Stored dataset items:
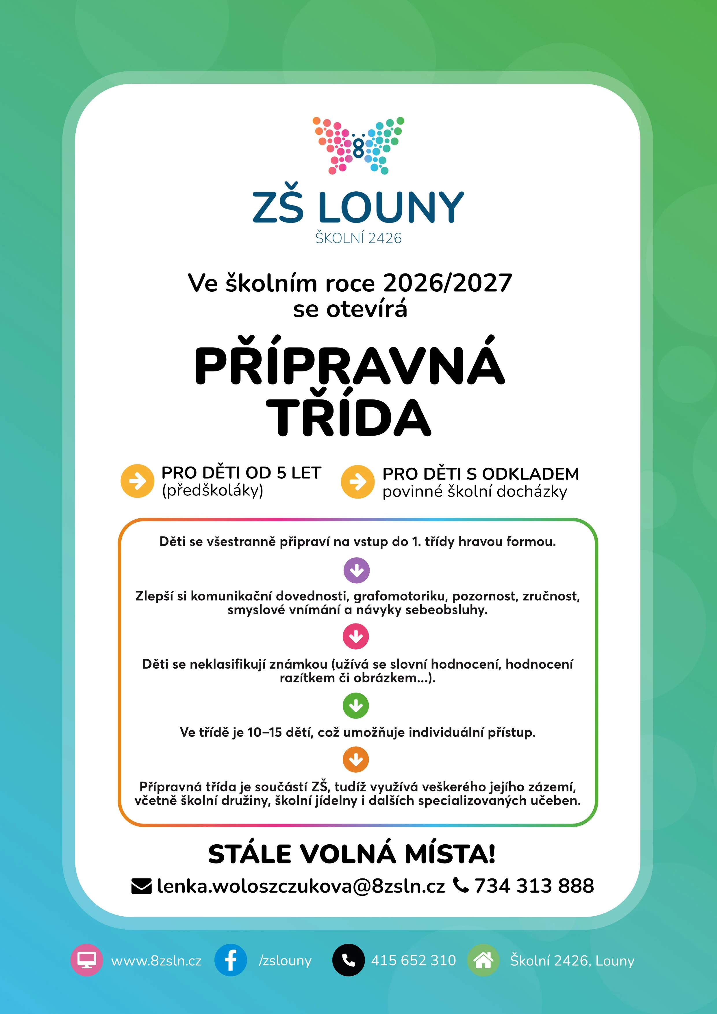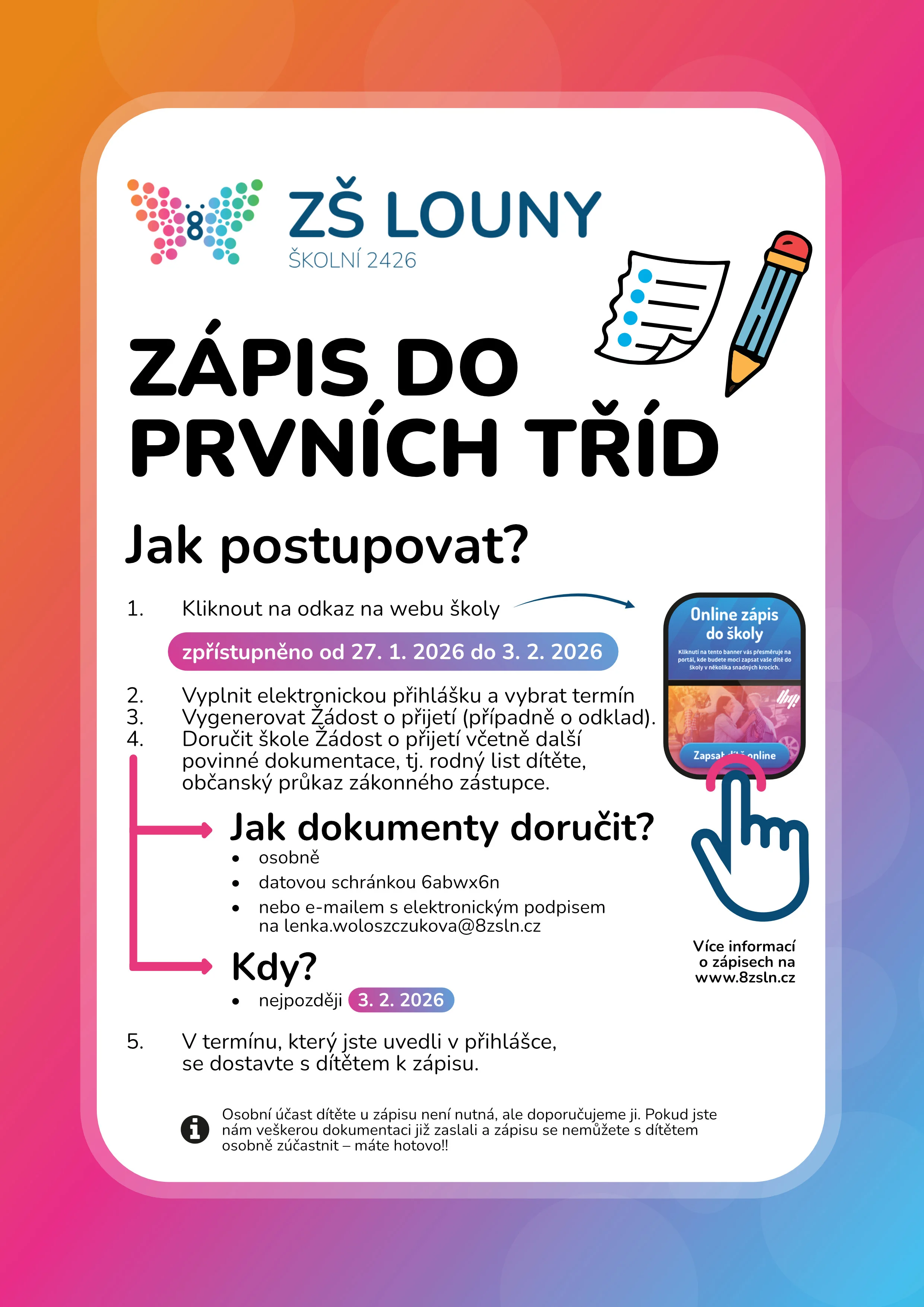Termín prezenčního zápisu: Úterý 3. 2. 2026 od 14:00 do 18:00 hodin
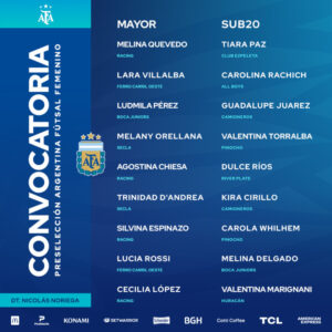 El entrenador Nicolás Noriega y su cuerpo técnico, convocaron a jugadoras del futsal local para trabajar en el predio Lionel Andrés Messi con vistas a la Copa del Mundo, que se disputará del 21 de noviembre al 7 de diciembre en Manila, Filipinas. Argentina compartirá el grupo A con el equipo anfitrión, Polonia y Marruecos.
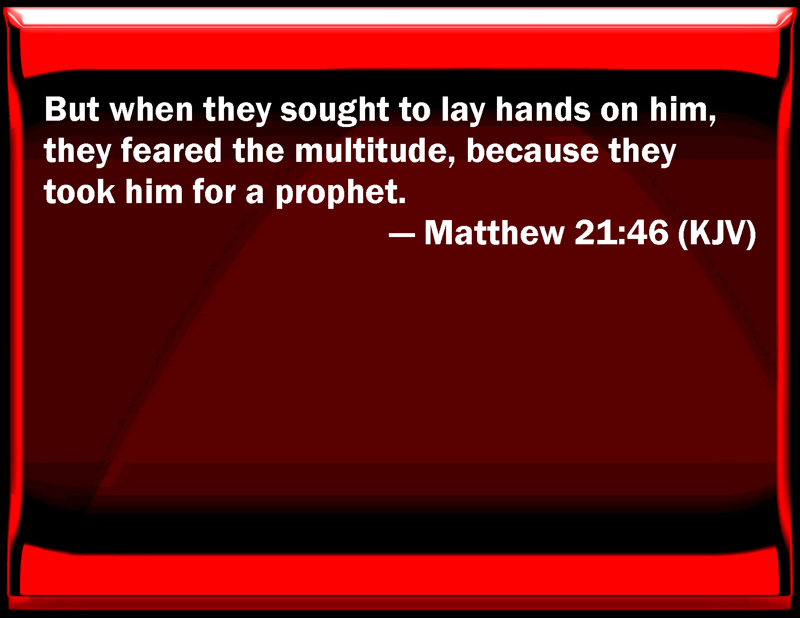 Bible Verse Slide Matthew 21:46 But when they sought to lay hands on him, they feared the multitude, because they took him for a prophet. KJV: But when they sought to lay hands on him, they feared the multitude, because they took him for a prophet. DRB: And seeking to lay hands on him, they feared the multitudes: because they held him as a prophet. DBT: And seeking to lay hold of him, they were afraid of the crowds, because they held him for a prophet. ERV: And when they sought to lay hold on him, they feared the multitudes, because they took him for a prophet. WBT: But when they sought to lay hands on him, they feared the multitude, because they took him for a prophet. WEB: When they sought to seize him, they feared the multitudes, because they considered him to be a prophet. YLT: and seeking to lay hold on him, they feared the multitudes, seeing they were holding him as a prophet.Links Matthew 21:46 NIV • Matthew 21:46 NLT • Matthew 21:46 ESV • Matthew 21:46 NASB • Matthew 21:46 KJV • Matthew 21:46 Interlinear • Matthew 21:46 Commentaries • Matthew 21:46 Parallel Texts • Matthew 21:46 Bible Apps • Matthew 21:46 Parallel • Bible Hub |
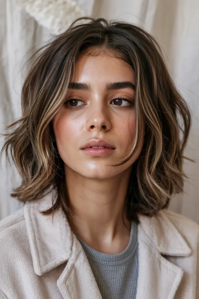 This hairstyle is perfect for those wanting a subtle refresh. The highlights blend seamlessly, making maintenance easy while keeping the look fresh and modern. It’s a go-to Pinterest style for natural beauty lovers.
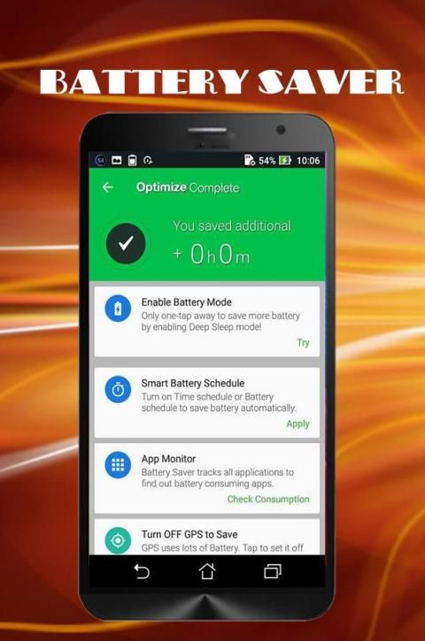 Смарт оптимизация потребления батареи только с одним прикосновением.
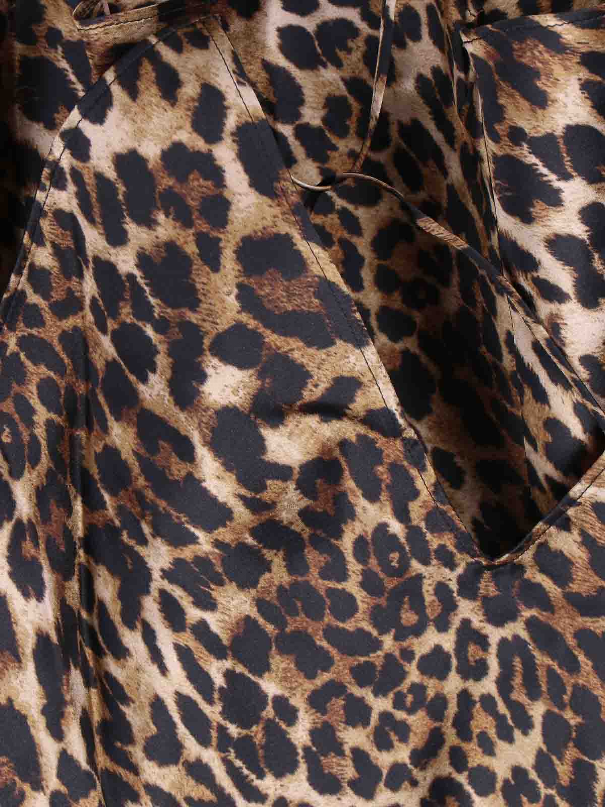 Cami Nili lotan emile, de seda marrón, estampado animal, cuello en V, tirantes cruzados en la espalda, escote largo en la espalda, dobladillo recto.
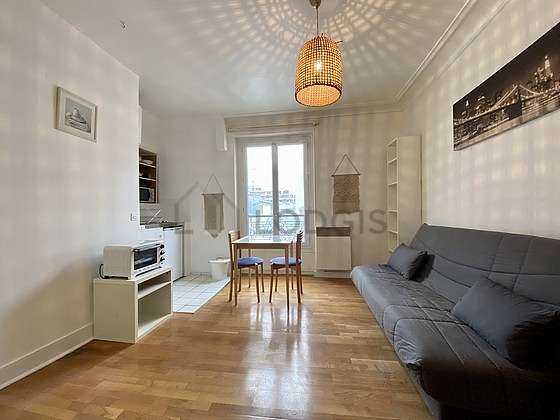 SéjourCet appartement est composé d'un salon avec du parquet au sol et des fenêtres. Ce salon est meublé et équipé pour rendre votre séjour agréable : canapé, table à manger, penderie, bibliothèque, armoire, 2 chaise(s), console, lustre, tableau1 canapé(s) lit(s) de 0cm.
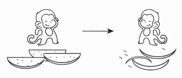 1. 两只猴子,两个西瓜,箭头指向两只猴子在吃西瓜皮。$□◯□=□$(块)
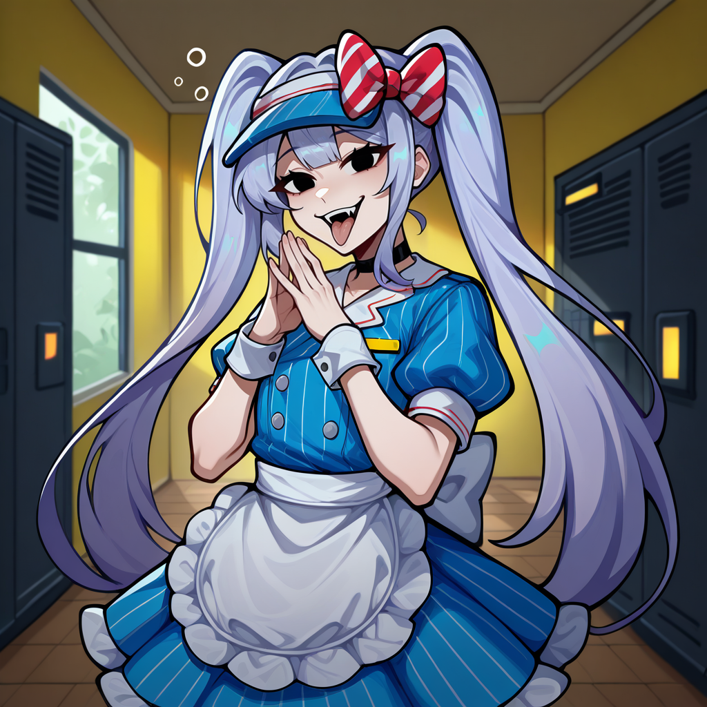 Physical Prompts 1girl, solo, mesmerizermiku, <lora:vocaloid_mesmerizermiku_ponyXL:1>, light purple hair, twintails, vampire, black eyes, empty eyes, sharp teeth, tongue out
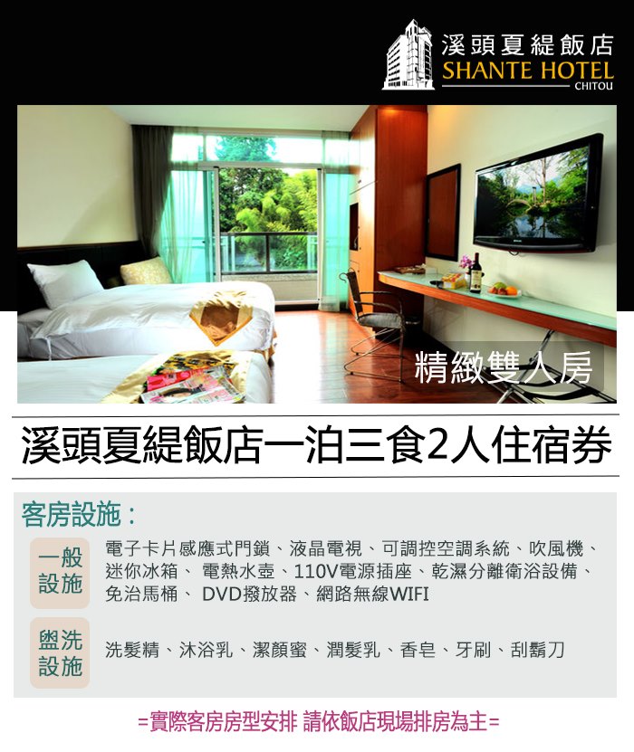 【溪頭】夏緹飯店一泊三食2人住宿券
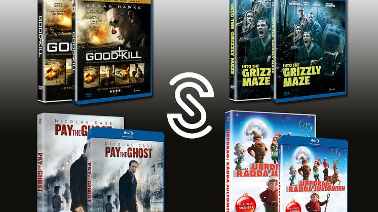 I oktober publicerades fyra nya titlar från Scanbox Entertainment i alla format: Good Kill, Into The Grizzly Maze, Uppdrag: Rädda jultomten och Pay The Ghost.
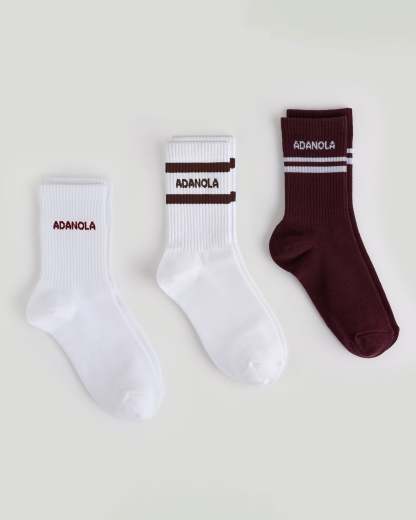 3 Pack Multi Branding Socks? Because one pair just isn't enough. The socks are made for everyday wear. Style with your Adanola set to complete the look. A pack of three available in White and Dark Cherry.
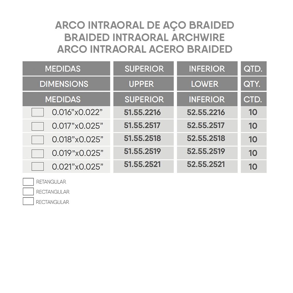 Their characteristics make Braided archwires an excellent transition option between round and rectangular steel archwires, and can be used for the initial stages of torque and rotational control. They are ideal for the final phase of treatment, promoting intercuspation with torque control.
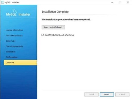 MySQL Installer installation complete screen with Finish button and Workbench option
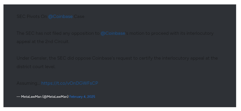 L'avocat pro-XRP James Murphy, connu sous le nom de MetaLawMan, a souligné un changement significatif dans le comportement de la SEC. L'agence a récemment décidé de ne pas s'opposer à la motion de Coinbase pour un appel interlocutoire, un mouvement surprenant étant donné la position inflexible précédente de la SEC sous la présidence de Gary Gensler.

→ **Exercise brief**:
Taking the entries above, copy word for word the lines from the one with "Смарт оптимизация потребления" up to and including the one with "1. 两只猴子,两个西瓜,箭头指向两只猴子在吃西瓜皮。$□◯□=□$(块)", without any picture.

→ **Written reply**:
 Смарт оптимизация потребления батареи только с одним прикосновением.
 Cami Nili lotan emile, de seda marrón, estampado animal, cuello en V, tirantes cruzados en la espalda, escote largo en la espalda, dobladillo recto.
 SéjourCet appartement est composé d'un salon avec du parquet au sol et des fenêtres. Ce salon est meublé et équipé pour rendre votre séjour agréable : canapé, table à manger, penderie, bibliothèque, armoire, 2 chaise(s), console, lustre, tableau1 canapé(s) lit(s) de 0cm.
 1. 两只猴子,两个西瓜,箭头指向两只猴子在吃西瓜皮。$□◯□=□$(块)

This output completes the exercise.